*** Opening Working data ***

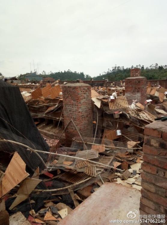 7月12日凌晨5時(shí)許,陣性大風(fēng)突襲四川自貢榮縣古文鎮(zhèn),風(fēng)災(zāi)使古文鎮(zhèn)山邊村鄉(xiāng)巴佬養(yǎng)殖基地6000平米兔舍垮塌,事發(fā)時(shí),該兔舍共有26000只兔子。記者在現(xiàn)場(chǎng)看到,兔舍頂棚已經(jīng)被完全吹跨,木制橫梁和隔板隨處散落,部分兔舍仍有大量兔子被埋,10余名工人正在清理現(xiàn)場(chǎng)和搶救活兔。據(jù)兔舍負(fù)責(zé)人介紹,經(jīng)過(guò)近30多小時(shí)生產(chǎn)自救已搶救出5000余只活兔,初步估計(jì)有10000余只兔子死亡,直接損失超過(guò)300萬(wàn)元。(記者 曹實(shí)秋)圖片來(lái)源:華西都市報(bào)自貢城市頻道官方微博
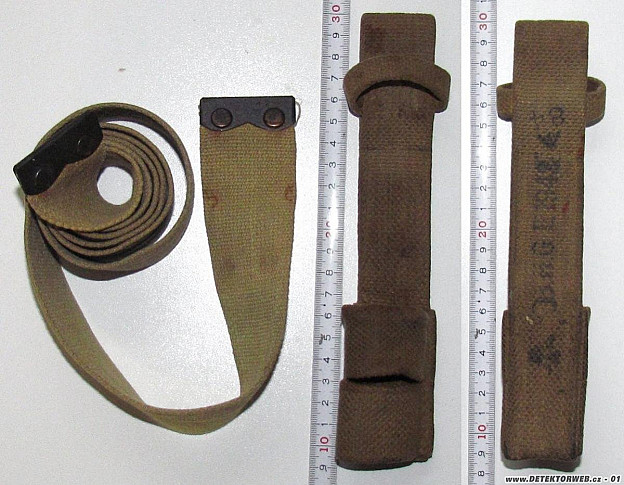 Prosím odborníkov o pomoc s určením. Tkaný opasok dĺžka 1250 mm, šírka 44 mm, hrúbka 2 mm, koncové kovania sú želežné, asi pomedené. Tkaný závesník značený/zle čitatelný/velká šipka B. H. GE 1942,?? malá šipka 84. Dĺžka 200 mm. šírka 34 mm, hrúbka 5 mm. Britský, asi pre bodák Lee Enfield - Wilkinson? -1907? Prečo rok 1942?Vopred vďaka za Vaše komentáre. S pozdravom
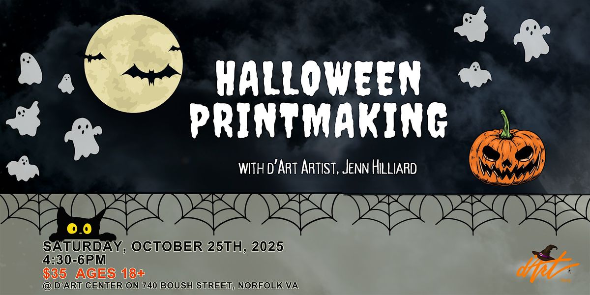 Come create some spooky seasonal prints in this Halloween-themed workshop! Led by d'Art Artist Jenn Hilliard, she will guide participants through the process of printmaking during this intriguing and unique session.
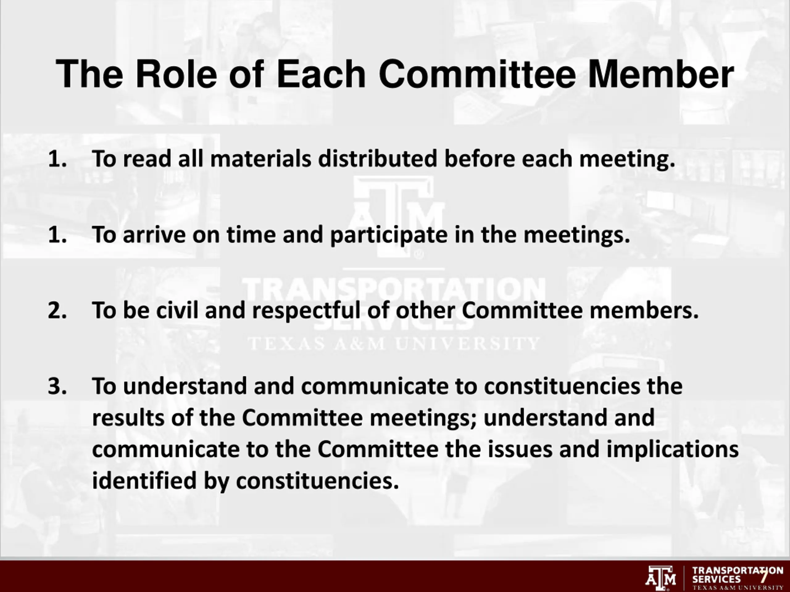 The Role of Each Committee Member 1. To read all materials distributed before each meeting. 1. To arrive on time and participate in the meetings. 2. To be civil and respectful of other Committee members. 3. To understand and communicate to constituencies the results of the Committee meetings; understand and communicate to the Committee the issues and implications identified by constituencies. 7
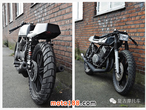 一直以來,大家都覺得復古摩托車就應該是這樣,然而今天這臺yamaha rd400 caferacer,卻反其道而行之,徹頭徹尾的和“圓”過不去。整車線條大范圍采用了棱棱角角的“方”元素,但卻絲毫沒影響它的美感,看來,“圓滑”不一定是復古改裝的唯一出路,在大家都追求流暢圓滑的線條時,你出其不意的拿出一個棱角分明的樣本,也許會有意想不到的效果,希望這臺車能為大家的改裝開拓一下思路。
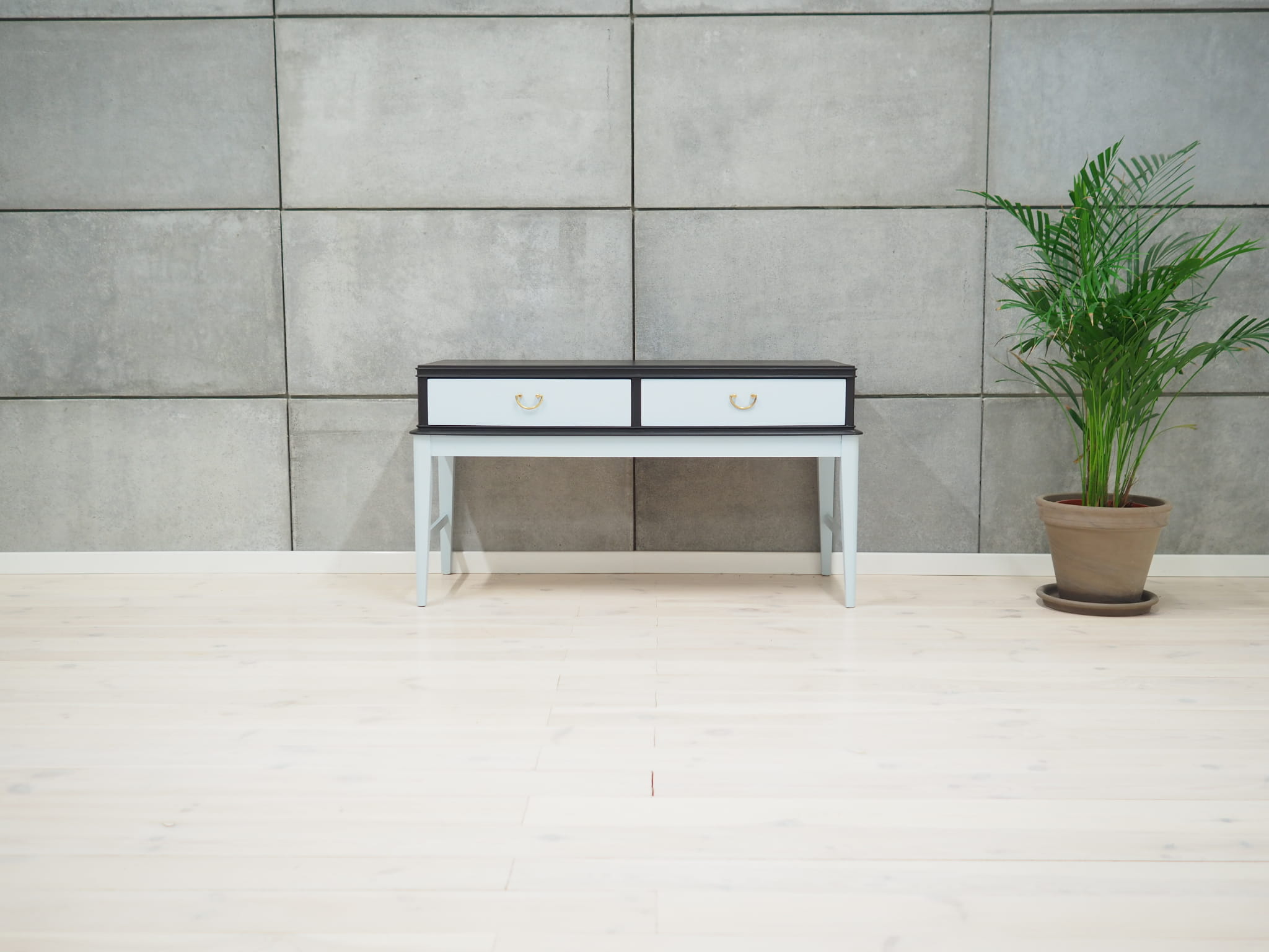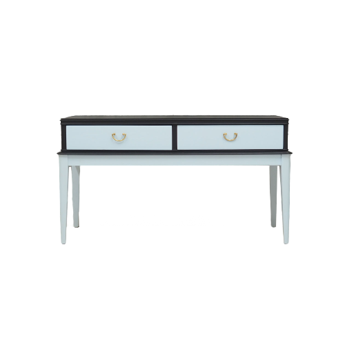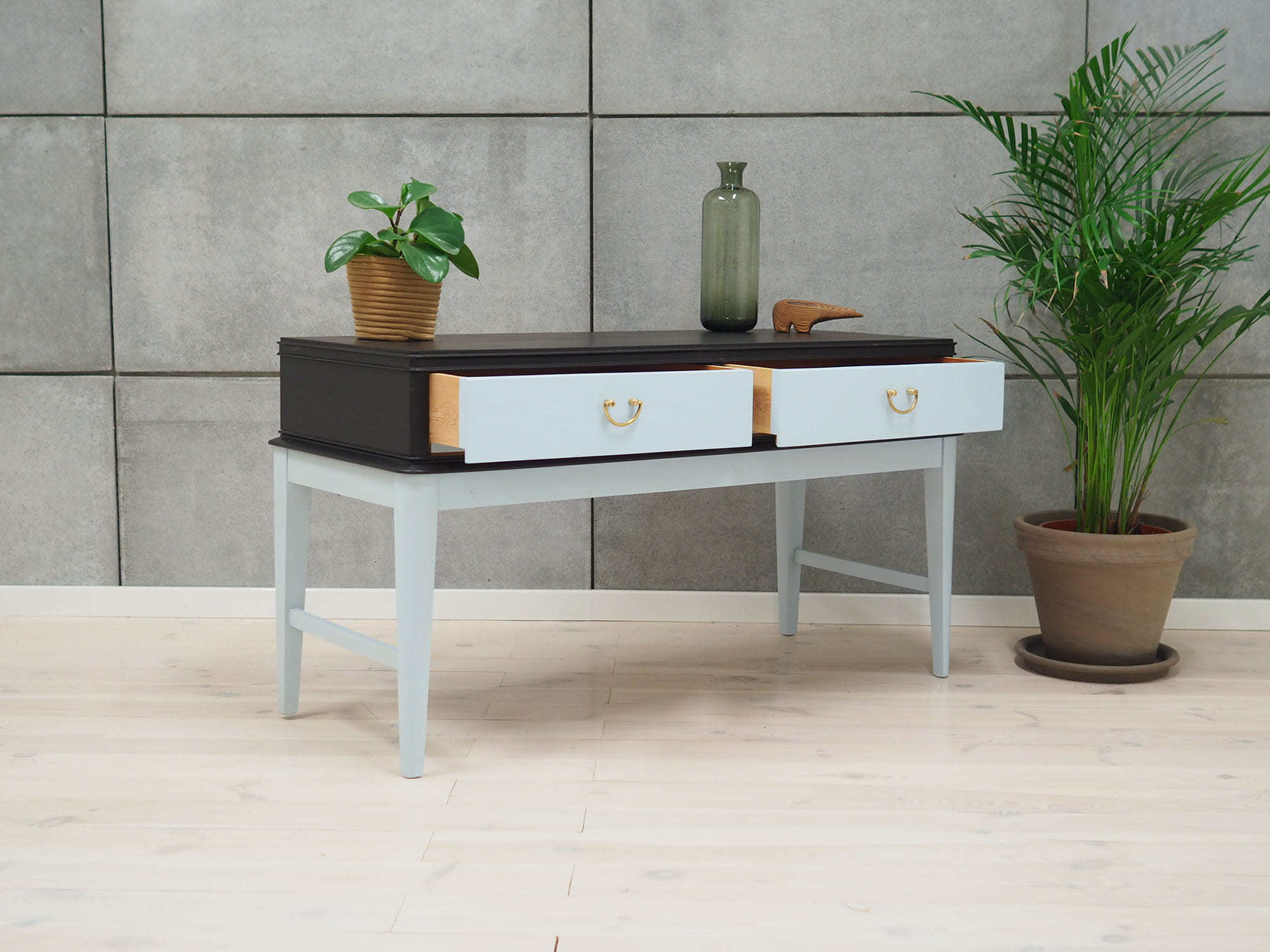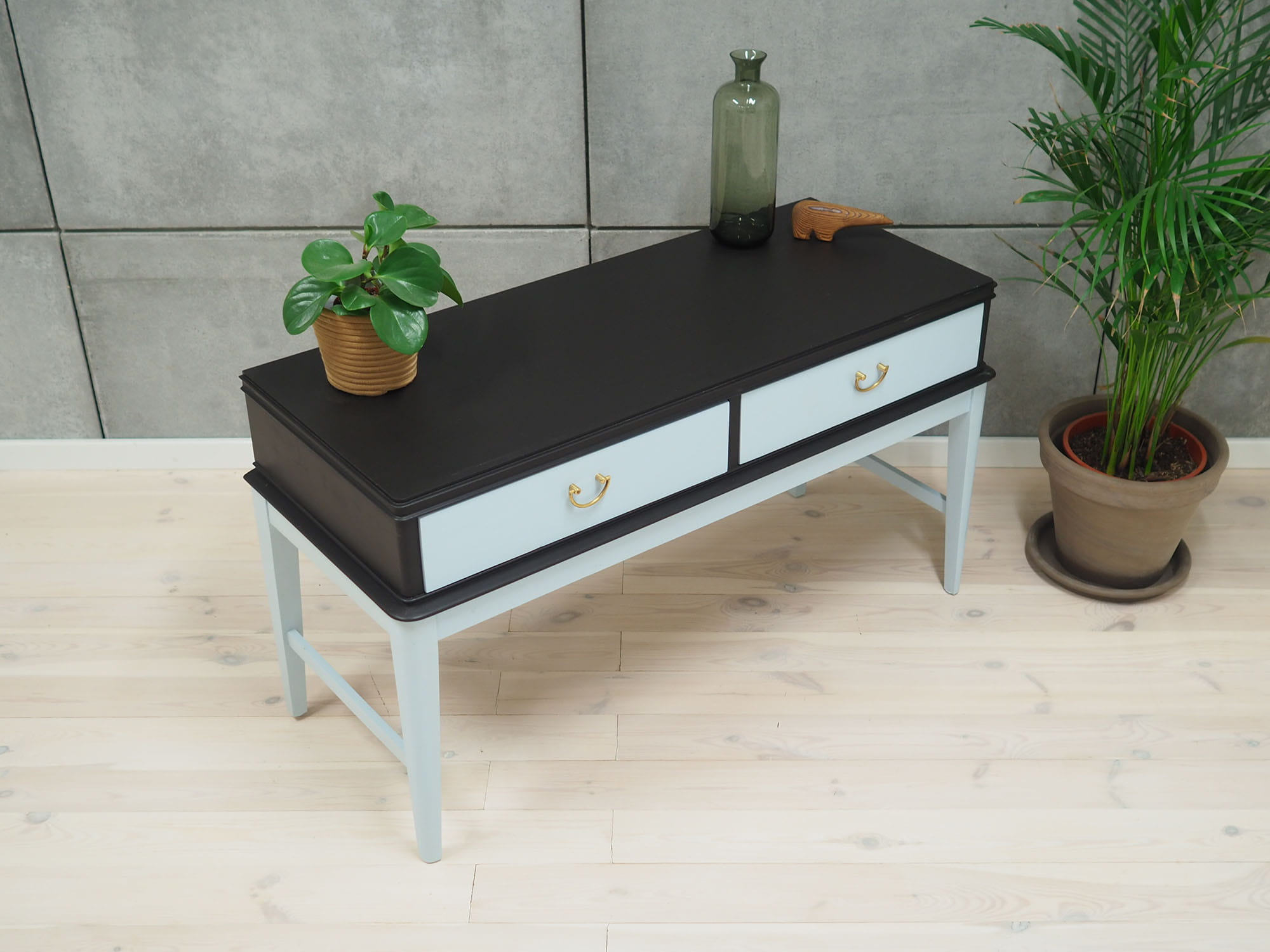 Konstrukcja pokryta jest fornirem orzechowym. Nogi wykonane z litego drewna. Nogi oraz czoła szuflad malowane na kolor błękitny, korpus na kolor czarny. Powierzchnia po odświeżeniu. Komoda posiada praktyczne szuflady z klasycznym rozwiązaniem prowadnic wykonanych z drewna.
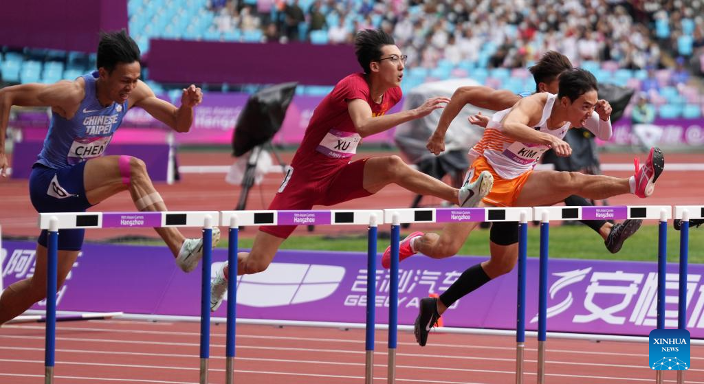 Xu Zhuoyi (2nd L) of China competes during the Men's 110m Hurdles Heat of Athletics at the 19th Asian Games in Hangzhou, east China's Zhejiang Province, Oct. 1, 2023. (Xinhua/Sun Fei)
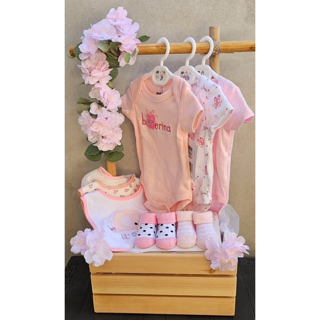 A lovely wooden crate supports a small clothes rack featuring sweet ballerina and butterfly-themed pink onesies. The base is filled with a coordinating bib, patterned socks, and is heavily decorated with gorgeous clusters of pink hydrangea-style silk flowers.

*** Closing Working data ***

* Task instructions
All of the records need to be restated word for word, but not the pictures.

* Output for this task
 7月12日凌晨5時(shí)許,陣性大風(fēng)突襲四川自貢榮縣古文鎮(zhèn),風(fēng)災(zāi)使古文鎮(zhèn)山邊村鄉(xiāng)巴佬養(yǎng)殖基地6000平米兔舍垮塌,事發(fā)時(shí),該兔舍共有26000只兔子。記者在現(xiàn)場(chǎng)看到,兔舍頂棚已經(jīng)被完全吹跨,木制橫梁和隔板隨處散落,部分兔舍仍有大量兔子被埋,10余名工人正在清理現(xiàn)場(chǎng)和搶救活兔。據(jù)兔舍負(fù)責(zé)人介紹,經(jīng)過(guò)近30多小時(shí)生產(chǎn)自救已搶救出5000余只活兔,初步估計(jì)有10000余只兔子死亡,直接損失超過(guò)300萬(wàn)元。(記者 曹實(shí)秋)圖片來(lái)源:華西都市報(bào)自貢城市頻道官方微博
 Prosím odborníkov o pomoc s určením. Tkaný opasok dĺžka 1250 mm, šírka 44 mm, hrúbka 2 mm, koncové kovania sú želežné, asi pomedené. Tkaný závesník značený/zle čitatelný/velká šipka B. H. GE 1942,?? malá šipka 84. Dĺžka 200 mm. šírka 34 mm, hrúbka 5 mm. Britský, asi pre bodák Lee Enfield - Wilkinson? -1907? Prečo rok 1942?Vopred vďaka za Vaše komentáre. S pozdravom
 Come create some spooky seasonal prints in this Halloween-themed workshop! Led by d'Art Artist Jenn Hilliard, she will guide participants through the process of printmaking during this intriguing and unique session.
 The Role of Each Committee Member 1. To read all materials distributed before each meeting. 1. To arrive on time and participate in the meetings. 2. To be civil and respectful of other Committee members. 3. To understand and communicate to constituencies the results of the Committee meetings; understand and communicate to the Committee the issues and implications identified by constituencies. 7
 一直以來,大家都覺得復古摩托車就應該是這樣,然而今天這臺yamaha rd400 caferacer,卻反其道而行之,徹頭徹尾的和“圓”過不去。整車線條大范圍采用了棱棱角角的“方”元素,但卻絲毫沒影響它的美感,看來,“圓滑”不一定是復古改裝的唯一出路,在大家都追求流暢圓滑的線條時,你出其不意的拿出一個棱角分明的樣本,也許會有意想不到的效果,希望這臺車能為大家的改裝開拓一下思路。
 Konstrukcja pokryta jest fornirem orzechowym. Nogi wykonane z litego drewna. Nogi oraz czoła szuflad malowane na kolor błękitny, korpus na kolor czarny. Powierzchnia po odświeżeniu. Komoda posiada praktyczne szuflady z klasycznym rozwiązaniem prowadnic wykonanych z drewna.
 Xu Zhuoyi (2nd L) of China competes during the Men's 110m Hurdles Heat of Athletics at the 19th Asian Games in Hangzhou, east China's Zhejiang Province, Oct. 1, 2023. (Xinhua/Sun Fei)
 A lovely wooden crate supports a small clothes rack featuring sweet ballerina and butterfly-themed pink onesies. The base is filled with a coordinating bib, patterned socks, and is heavily decorated with gorgeous clusters of pink hydrangea-style silk flowers.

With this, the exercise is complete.